▸ WHAT THE EXERCISE ASKS: An exact copy of every entry below is required, and no picture may appear in it.

:: DATA FOR THE TASK ::

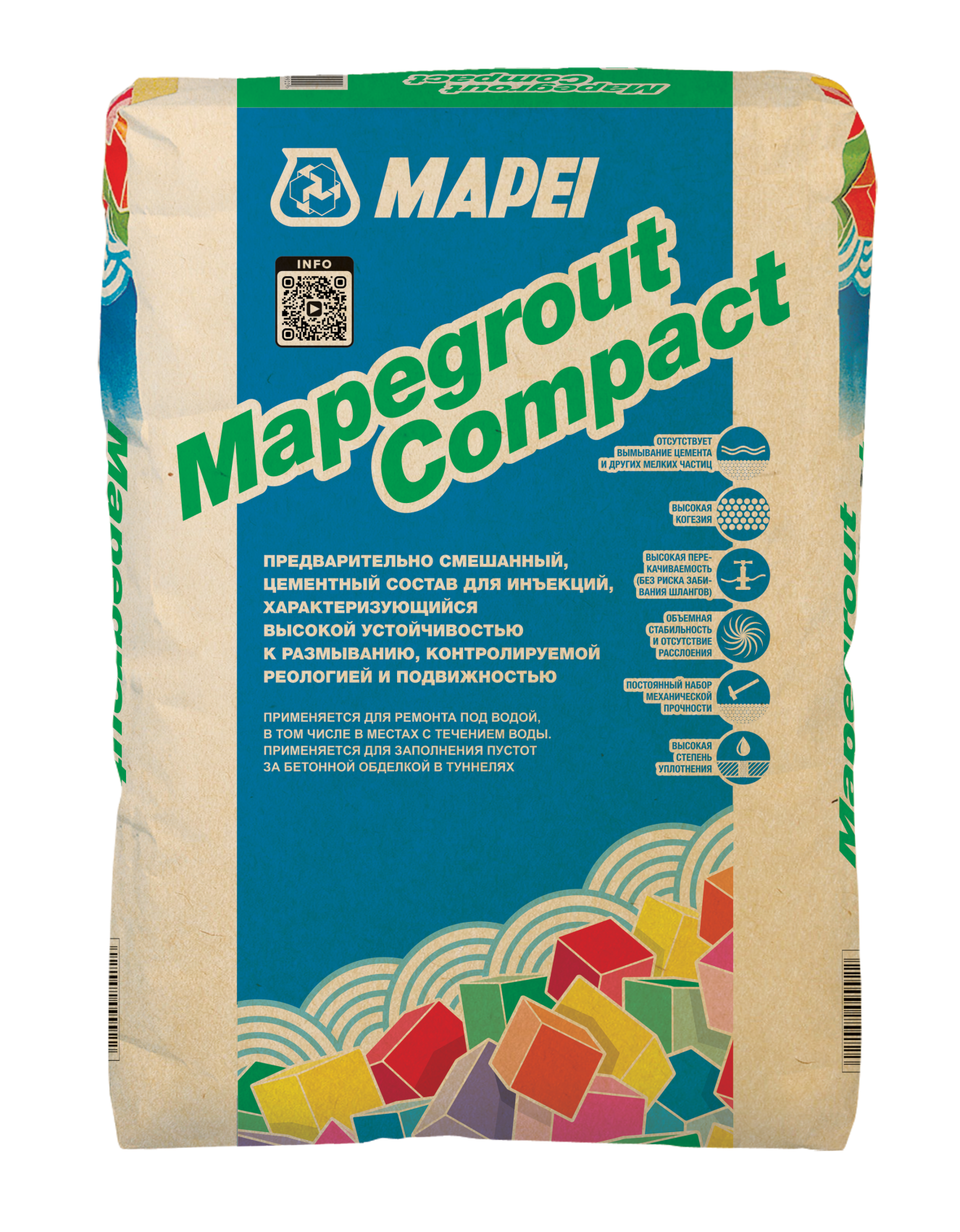 После смешивания с водой особые компоненты Mapegrout Compact придают материала очень высокую когезию и устойчивость к размывающему воздействию воды, даже под давлением.
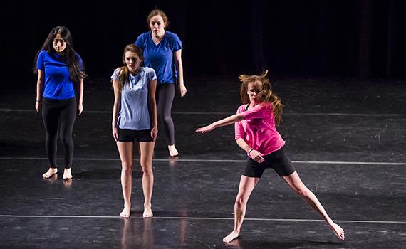 In the last movement of her dance performance titled Wires, April Bailey ’14 (pictured in pink) breaks free from the group and moves independently — just as she’s demonstrated academically.
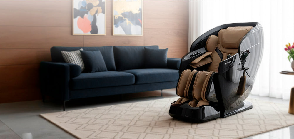 Ogawa Active XL Duo 3D + 2D Massage Chair (OG6400) in Black/Champagne placed in a luxurious living room from Wish Rock Relaxation.
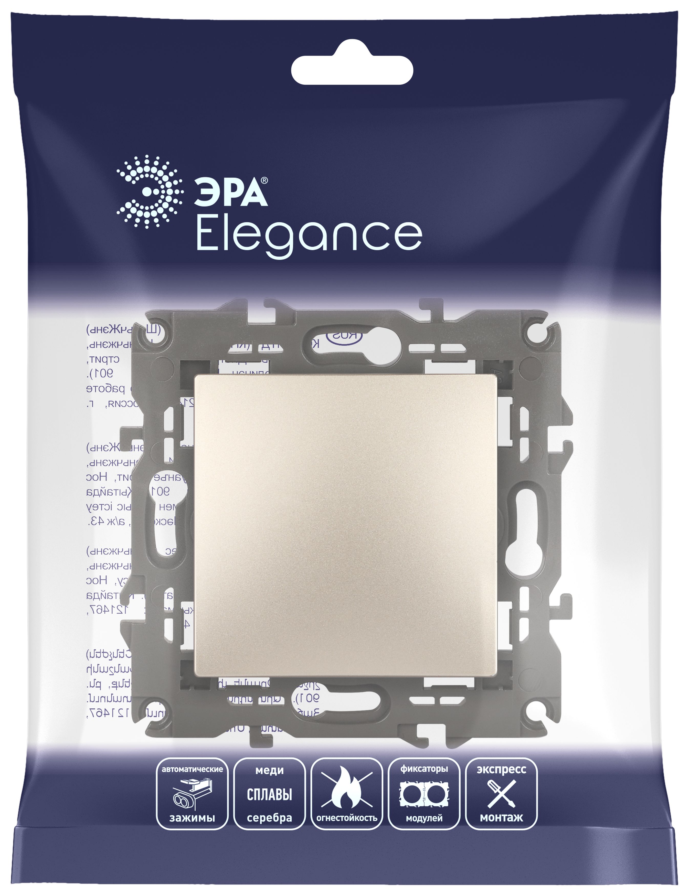 Выключатель 1-клавишный перекрёстный Эра Elegance шампань 14-1108-04. Оснащён автоматическими клеммами для надёжной фиксации жил кабеля в механизме. Рамки приобретаются отдельно.
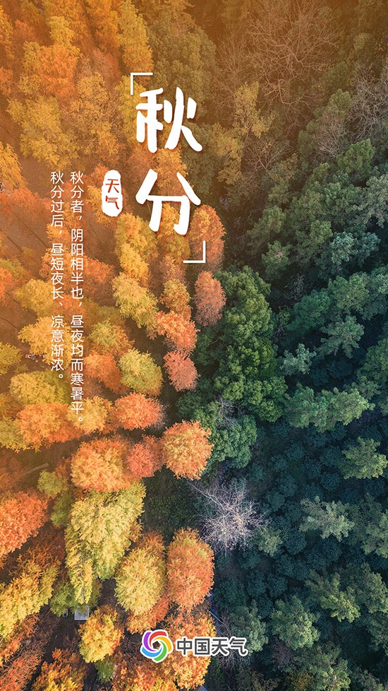 “秋分者,陰陽相半也,晝夜均而寒暑平?!边@一天,太陽直射赤道,南北半球晝夜平分,因此秋分跟春分一樣被稱為“日夜分”。秋分過后,晝短夜長、日漸寒涼。

:::

▸ TASK RESPONSE:
 После смешивания с водой особые компоненты Mapegrout Compact придают материала очень высокую когезию и устойчивость к размывающему воздействию воды, даже под давлением.
 In the last movement of her dance performance titled Wires, April Bailey ’14 (pictured in pink) breaks free from the group and moves independently — just as she’s demonstrated academically.
 Ogawa Active XL Duo 3D + 2D Massage Chair (OG6400) in Black/Champagne placed in a luxurious living room from Wish Rock Relaxation.
 Выключатель 1-клавишный перекрёстный Эра Elegance шампань 14-1108-04. Оснащён автоматическими клеммами для надёжной фиксации жил кабеля в механизме. Рамки приобретаются отдельно.
 “秋分者,陰陽相半也,晝夜均而寒暑平?!边@一天,太陽直射赤道,南北半球晝夜平分,因此秋分跟春分一樣被稱為“日夜分”。秋分過后,晝短夜長、日漸寒涼。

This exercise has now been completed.